French unemployment hits record high
The number of unemployed in France hit a record high in March, reaching 3,224 million, although the percentage has not yet overtaken 1997’s level. The 23rd successive monthly rise is a new blow to the Socialist government’s hope of turning the economy round.
Unemployment soared 36,900 in March, according to official figures, taking the total to 36,000 more than in 1997.
The grim statistics showed:
- The total number of people looking for full-time work, including those working only part-time, reached 4.74 million;
- Youth unemployment at 10.9 per cent;
- Over-50s unemployment at 17 per cent;
- Long-term unemployed at 1.89 million;
- Job offers at employment exchanges down 6.0 per cent.
But, although the labour ministry did not publish an unemployment rate for March, it was at 10.2 per cent at the end of 2012, below 1997’s 10.8 per cent since the workforce has grown by 2.7 million.
Male unemployment is now higher than in 1997, at 52 per cent compared to 48 per cent, probably because of the decline in manufacturing jobs.
The government’s job-creation policies have so far failed to take off.
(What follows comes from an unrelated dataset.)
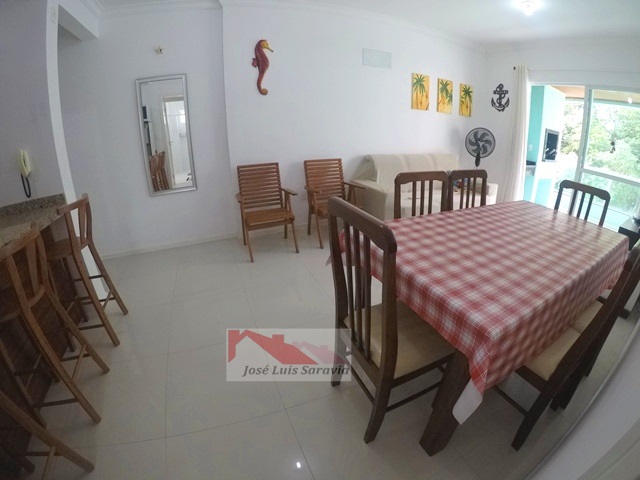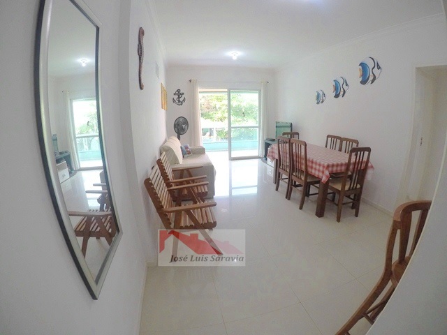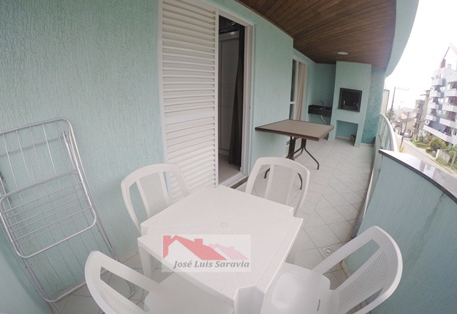 Apartamento amplo, proximo ao supermercado Schimidt, 3 quartos com ar condicionado sendo 1 suite, 1 banheiro social, internet, maquina de lavar, ampla sacada com churrasqueira e vista para o mar lateral, 1 vaga de garagem.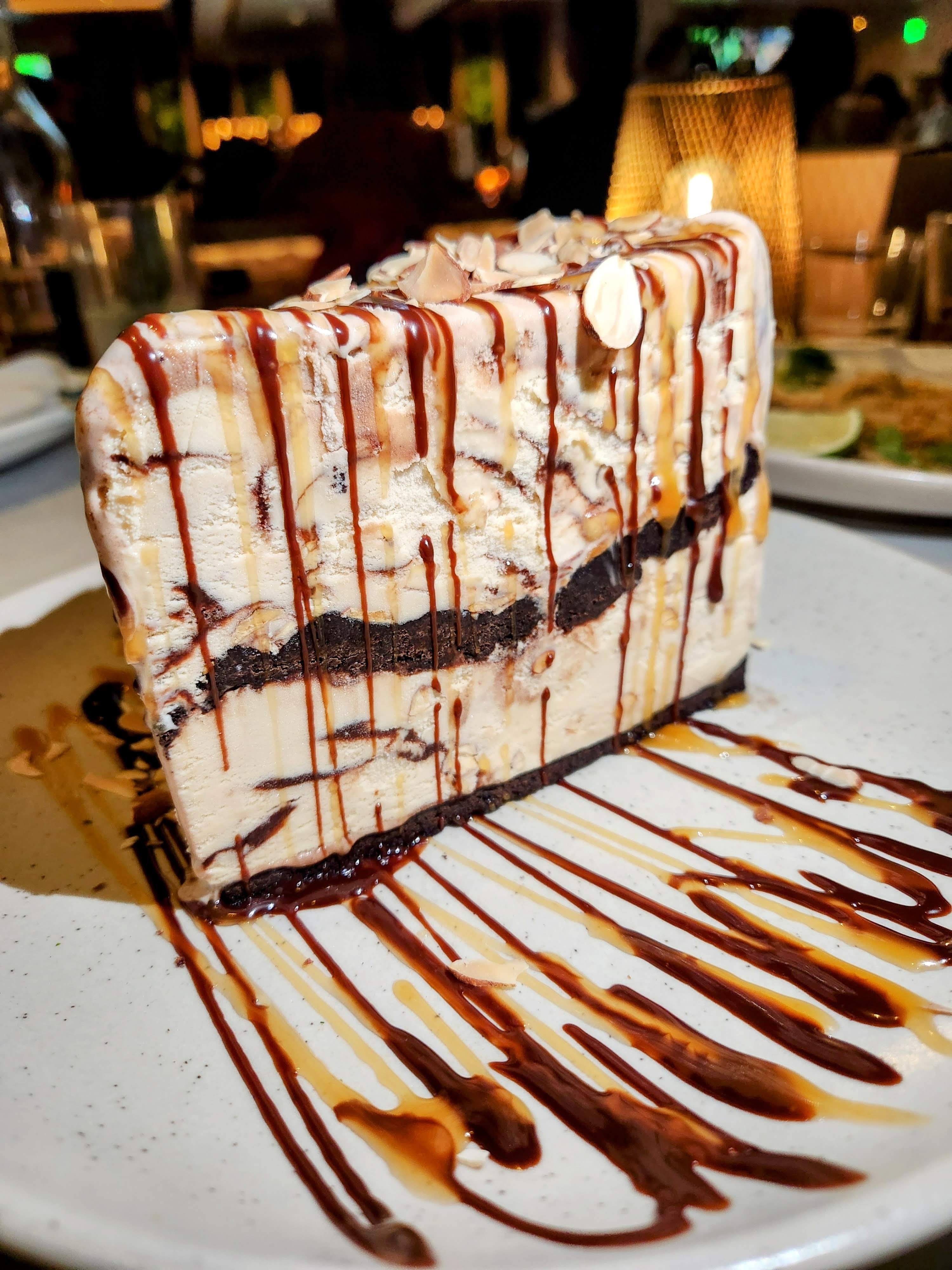 Mocha ice cream with layers of fudge , almonds, cookie crumble

Only 20,000 contracts in one key scheme have been signed, boding ill for an end-of-year target of 100,000, while statistics institute Insee estimates that new tax breaks have saved about 15,000 jobs in the first quarter of 2013.
President François Hollande, currently chasing contracts for French industry in China, called on all his ministers to “engage in the battle for jobs”.
Unemployment in Greece and Spain is near 18 per cent and Italy's rate in 11.6 per cent, while Spain now has 6,202,700 jobless.
Germany's official unemployment rate is under 5.0 per cent.